Scotty P. Krob, for Defendants-Appellees.
Division III.
Opinion by JUDGE TURSI.
[1] Plaintiffs, William P. Zick, Jr., Lona Lee Arnold, and Sandra J. Zick Hutchinson, and third-party defendant, Mountain Harmony, Inc., d/b/a C Z Builders, Inc., appeal from the trial court’s judgment dismissing their claims and finding in favor of defendants, Scotty P. and Janice Z. Krob, on several of their counterclaims and third-party claims. We affirm in part and reverse in part. [2] Plaintiffs and defendant Janice Krob are siblings and were the sole legal heirs of their deceased mother’s estate. They assumed equal and common ownership of the estate assets under a decree of heirship. The decree was prepared on their behalf by defendant Scotty Krob, the husband of Janice and a practicing attorney. Krob also performed other legal services for the siblings. [3] Several controversies arose concerning the control and distribution of the assets. Relations between the parties deteriorated, andPage 1293
plaintiffs commenced this action for a declaratory judgment as to their legal rights in the assets. Their complaint included claims against Krob in his professional capacity for breach of fiduciary duty, negligence, fraud, outrageous conduct, and an accounting. Plaintiffs also asserted a claim against both defendants for unjust enrichment based on defendants’ occupancy of the mother’s former home.

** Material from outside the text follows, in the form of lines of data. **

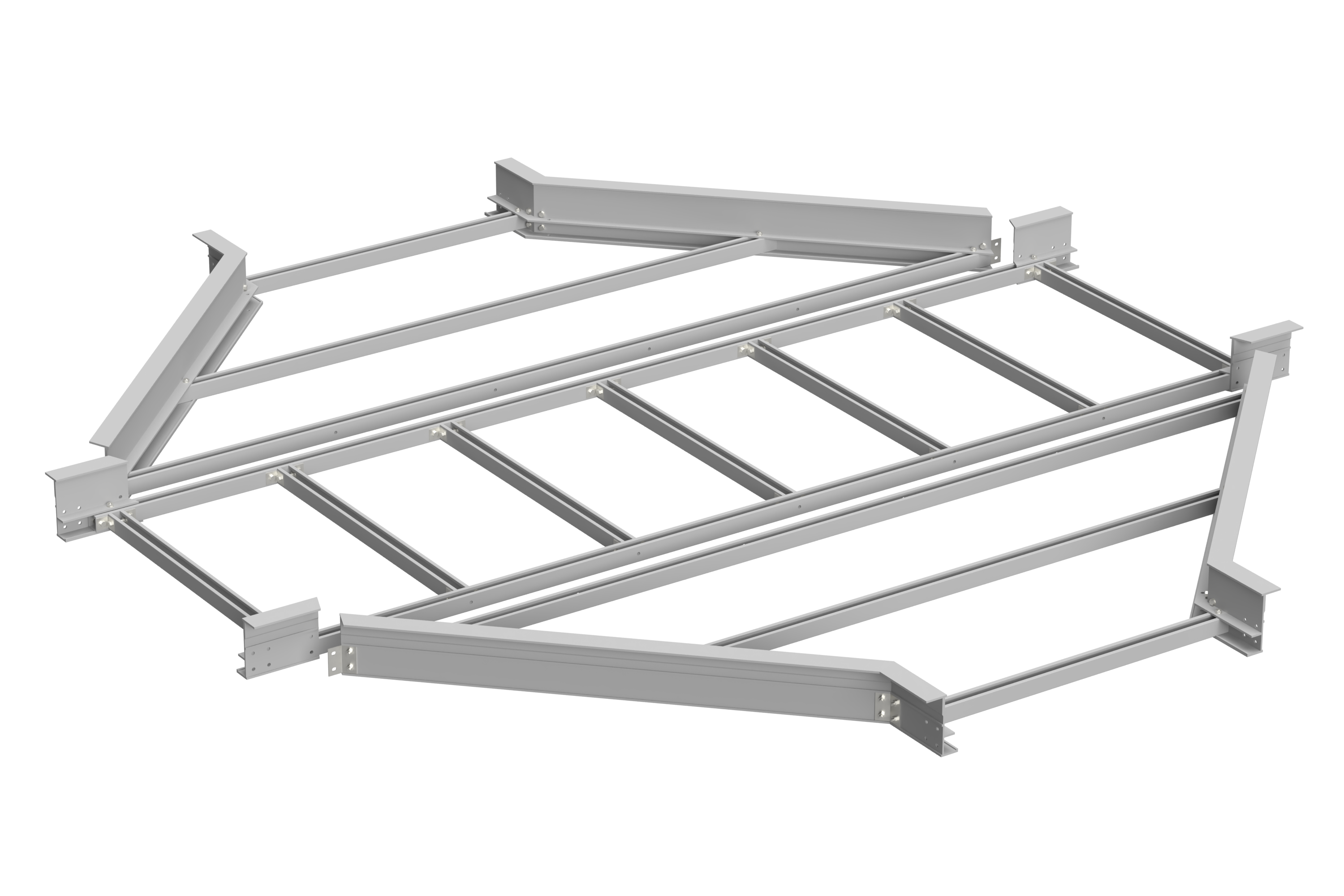 The ladder type system comprises two channel or I-beam side rails connected by transverse rungs. All rungs to side channel or I-beam connected with mechanical and chemical (adhesive). The space between rungs is 300 mm. Cable Trays are joined by coupler.
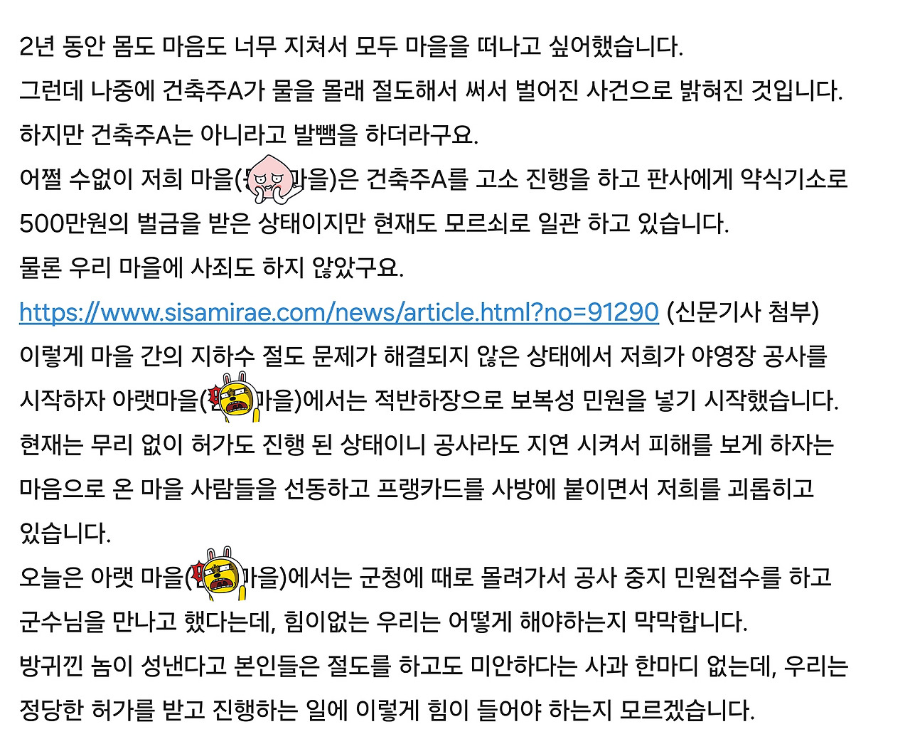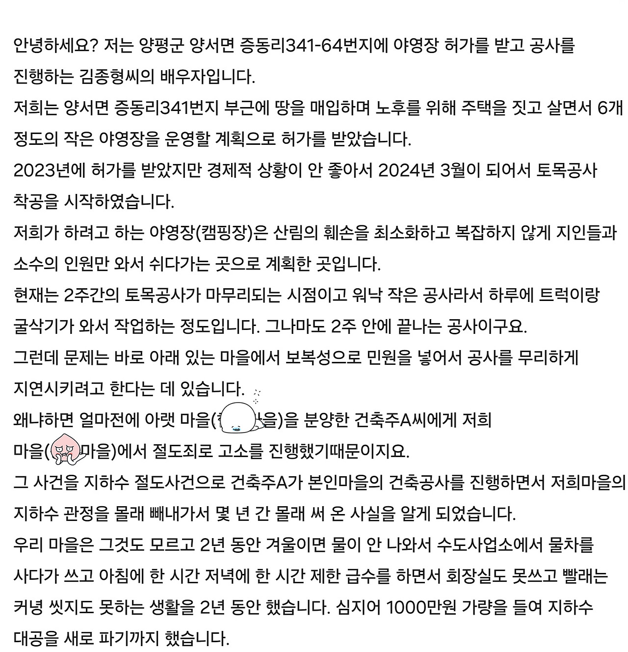 사실 아랫마을 사람들이 캠핑장시설을 반대한다고 해서 대통령실에 무작정 민원을 신청한 건 아니었다. 그 사람들이 현수막까지 걸어가면서 마을 전체를 들쑤시는 검은 속내가 있기 때문에 억울해서 가만히 있을 수는 없었다. [대통령실 국민제안 민원내용 첨부]
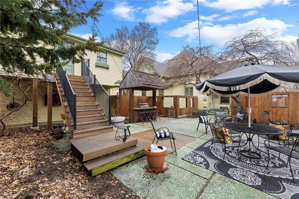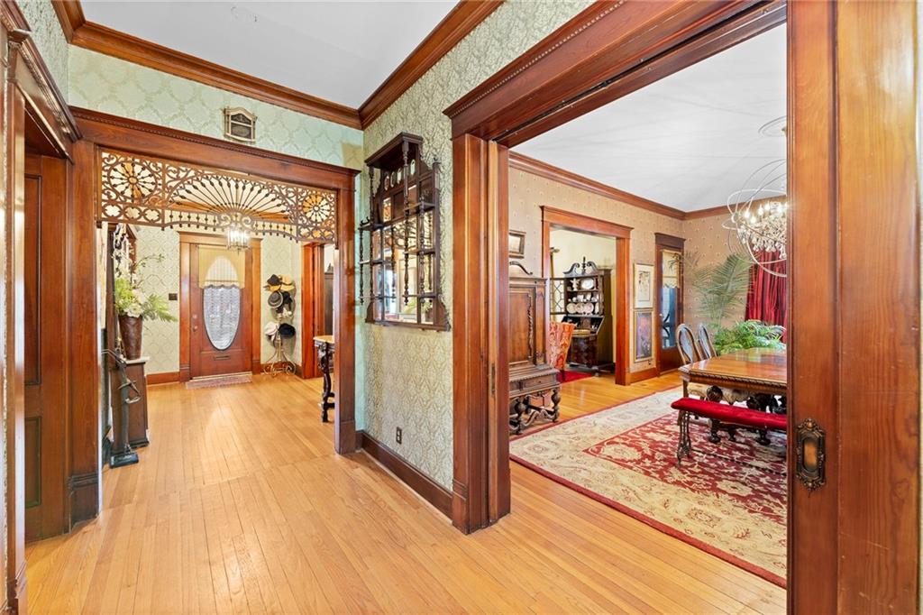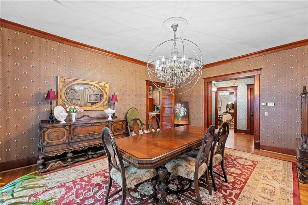 Expect to be impressed as you step into the timeless elegance of the "Washburn" house, a rare residence that masterfully blends old-world charm with sophisticated modern comfort. Meticulously updated while preserving its historic integrity, this home showcases authentic craftsmanship through unique chandeliers, ornate trim, wide crown and baseboard moldings, and original solid wood interior doors. The architectural character shines in the 3 sets of beautiful pocket doors and the lead glass windows that grace the front of the home, while modern peace of mind is provided by newer windows throughout the rest of the house and a central heat and air system installed within the last 5 years. A large, covered front porch invites you into a grand entry room, flanked by an elegant living room featuring an original fireplace and a lovely, sunlit parlor. The gourmet kitchen is a chef's dream, boasting cherry cabinetry, a quartz island, and high-end appliances including a gas stove and a new convection oven with air-frying capabilities. Two butler doors offer seamless flow into the massive formal dining room, perfect for hosting memorable gatherings. The main level features gorgeous hardwood floors and houses 3 spacious bedrooms—including a primary suite —all equipped with walk-in cedar closets and accompanied by 2 full. bathrooms. Upstairs you will find a fourth bedroom, a third bathroom, a cozy den, and a sprawling unfinished area brimming with potential for additional living space. With laundry hookups available on both the main floor and the basement, a detached garage with a finished room above, and a courtyard-style yard ideal for summer barbecues, this property is truly one of a kind. Located within walking distance of the historic Paola square, this home is ready for its next chapter—schedule your private tour today!
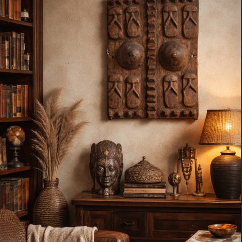 Buddha-huvud i trä & dekorationsfågel i återvunnen metall.
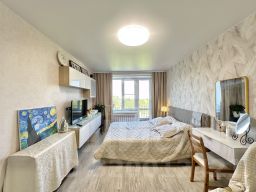 Квартира расположена на 9 этаже, технический этаж защищает вас от проблем с крышей, а соседей сверху при этом нет. Окна выходят через улицу на прекрасный Полюстровский парк.
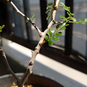 窓辺のオペルクリカリア・パキプス 室内に入れてから特に変化なし。 落葉するのか、残るのか。🌿
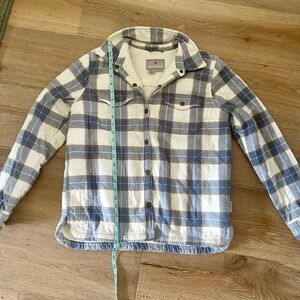 This jacket is the best!! Soft blue and cream plaid. Cozy Sherpa inside
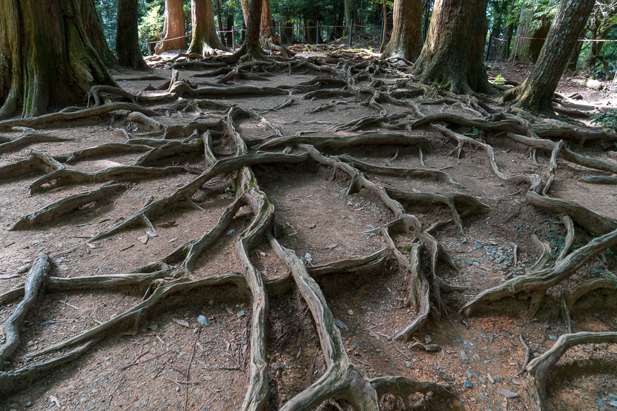 牛若丸が兵法修行をしたと伝えられる「木の根道」。
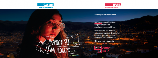 Lima, mayo de 2022.- Continuando con su compromiso con la creación de espacios de diálogo que busquen el desarrollo del Perú, IPAE Asociación Empresarial organizará entre el miércoles 29 de junio y el viernes 1 de julio la vigésimo séptima edición de CADE Universitario, el encuentro de jóvenes líderes más importante y diverso del país, con el lema “Tu progreso es mi progreso”.
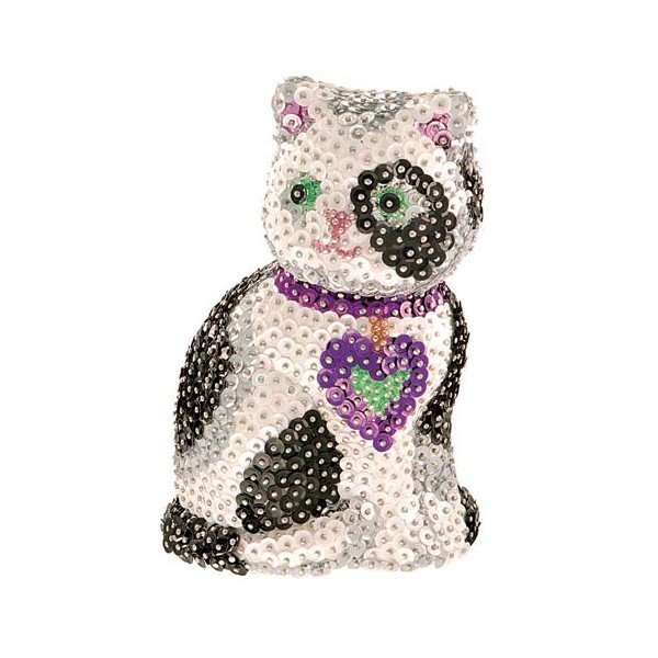 Потрясающий получился у дочери кот, мы его оставили в качестве украшения в комнате, он переливается блестками на солнце или кода попадает свет от лампы. Собрать такое чудо оказалось делом не сложным, потому-то рекомендован набор с восьми лет, хотя думаю, и в младшем возрасте вполне реально справиться. Это наш первый комплект Sequin Art 3D Cat, результат превзошел ожидания, будем брать еще.

[4] Defendants asserted counterclaims for, inter alia, breach of contract, extreme and outrageous conduct, and promissory estoppel and sought a declaratory judgment, contending primarily that they had remained in the mother’s house pursuant to plaintiffs’ invitation and that plaintiffs had breached a contract to sell them the property. Defendants also asserted third-party claims against Mountain Harmony and C Z Builders, construction companies owned and operated by plaintiff Zick, alleging that they were in breach of a contract to remodel the home. The third-party claims were dismissed by the trial court after it found that the companies were mere instrumentalities of Zick’s own affairs and had no separate corporate identities. That determination has not been challenged in this appeal. [5] After a trial to the court that spanned nineteen days, judgment entered in favor of the defendants. In addition, the trial court found that plaintiffs’ claims were vexatious, frivolous, groundless, and lacked substantial justification. Accordingly, it awarded attorney fees to Krob, holding, however, that it could not make a similar award to Janice Krob because she had appeared pro se. Plaintiffs appeal from the judgment as well as the award of attorney fees. I.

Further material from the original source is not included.